> _TASK STATEMENT_
The whole listing, except its pictures, is to be repeated exactly.
---- DATA
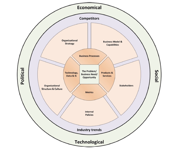The problem/need/opportunity that the analyst is analyzing exists within an immediate context. At this level, there are technologies/information systems, business processes, data, and resources that are used in the current state. It is within this immediate context that the problems occur. However, these aspects exist within another context, that of the organization. The organization will have certain organizational strategies, business model, stakeholders, internal policies, and organizational structures and culture that in various degrees influence the immediate context of the issue being investigated. The organization itself exists within the context of its competitors and trends in their industry. Likewise, the competitors all operate within the context of their environment influenced by political, economic, social, technological influences and changes. Therefore, the external and the internal context, within which the problem or the needs exist, can have an influence on which alternative is the “best” or the “right” solution. As such, it is important to know the context within which a problem is to be solved. If an analyst is an employee of the company, they are probably aware of the business context. If that is not the case, it is helpful to understand the context by analyzing the business model of the company and the strategy they employ to gain or maintain their competitive advantage.
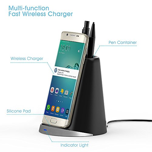 Fast Wireless Charger, YOUSTOO FC21 2-Coil Qi Fast Wireless Charging Mount Quick Wireless Charger Charging Station Pen/Pencil Container Holder
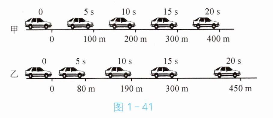 8. 图 1 - 41 记录了甲、乙两车在平直公路上行驶时,在某段时间内的运动过程。关于甲、乙两车在该段时间内的运动情况,下列说法中正确的是(
--------
> _SOLUTION TO THE EXERCISE_
The problem/need/opportunity that the analyst is analyzing exists within an immediate context. At this level, there are technologies/information systems, business processes, data, and resources that are used in the current state. It is within this immediate context that the problems occur. However, these aspects exist within another context, that of the organization. The organization will have certain organizational strategies, business model, stakeholders, internal policies, and organizational structures and culture that in various degrees influence the immediate context of the issue being investigated. The organization itself exists within the context of its competitors and trends in their industry. Likewise, the competitors all operate within the context of their environment influenced by political, economic, social, technological influences and changes. Therefore, the external and the internal context, within which the problem or the needs exist, can have an influence on which alternative is the “best” or the “right” solution. As such, it is important to know the context within which a problem is to be solved. If an analyst is an employee of the company, they are probably aware of the business context. If that is not the case, it is helpful to understand the context by analyzing the business model of the company and the strategy they employ to gain or maintain their competitive advantage.
 Fast Wireless Charger, YOUSTOO FC21 2-Coil Qi Fast Wireless Charging Mount Quick Wireless Charger Charging Station Pen/Pencil Container Holder
 8. 图 1 - 41 记录了甲、乙两车在平直公路上行驶时,在某段时间内的运动过程。关于甲、乙两车在该段时间内的运动情况,下列说法中正确的是(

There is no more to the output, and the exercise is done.